What the task requires: Everything below from the line with "Dates | Du 6" through the line with "7.2.10 Noa Deep" should be copied exactly, and nothing else; leave out the pictures.

Data listing:
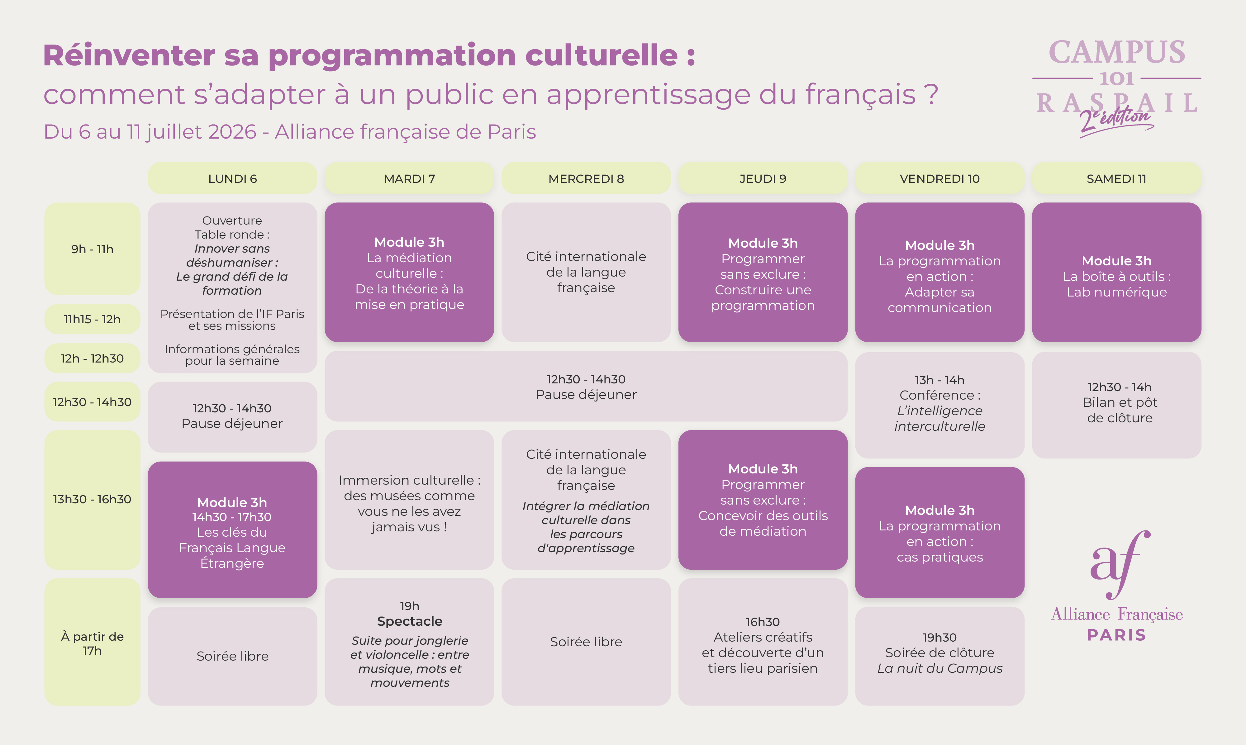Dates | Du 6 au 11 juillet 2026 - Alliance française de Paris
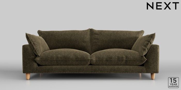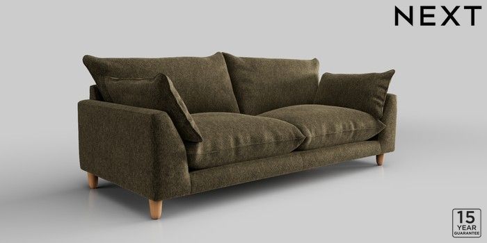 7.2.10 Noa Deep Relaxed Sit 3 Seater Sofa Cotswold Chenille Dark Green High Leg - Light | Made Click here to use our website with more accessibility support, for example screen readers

==

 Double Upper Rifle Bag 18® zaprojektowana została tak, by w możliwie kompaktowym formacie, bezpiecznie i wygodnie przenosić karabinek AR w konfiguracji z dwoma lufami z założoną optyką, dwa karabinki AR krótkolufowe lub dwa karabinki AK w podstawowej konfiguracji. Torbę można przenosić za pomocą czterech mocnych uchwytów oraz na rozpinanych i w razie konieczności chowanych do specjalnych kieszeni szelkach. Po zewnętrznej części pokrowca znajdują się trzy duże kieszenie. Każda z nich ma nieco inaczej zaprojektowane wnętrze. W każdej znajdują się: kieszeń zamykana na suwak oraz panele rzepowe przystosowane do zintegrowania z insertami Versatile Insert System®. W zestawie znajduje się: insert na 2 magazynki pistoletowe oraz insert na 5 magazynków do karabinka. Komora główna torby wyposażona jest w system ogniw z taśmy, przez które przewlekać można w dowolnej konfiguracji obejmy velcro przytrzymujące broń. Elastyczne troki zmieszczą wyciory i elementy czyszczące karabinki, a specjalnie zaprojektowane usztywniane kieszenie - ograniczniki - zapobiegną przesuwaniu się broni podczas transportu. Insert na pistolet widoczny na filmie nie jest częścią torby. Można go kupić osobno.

Output for this exercise:
Dates | Du 6 au 11 juillet 2026 - Alliance française de Paris
 7.2.10 Noa Deep Relaxed Sit 3 Seater Sofa Cotswold Chenille Dark Green High Leg - Light | Made Click here to use our website with more accessibility support, for example screen readers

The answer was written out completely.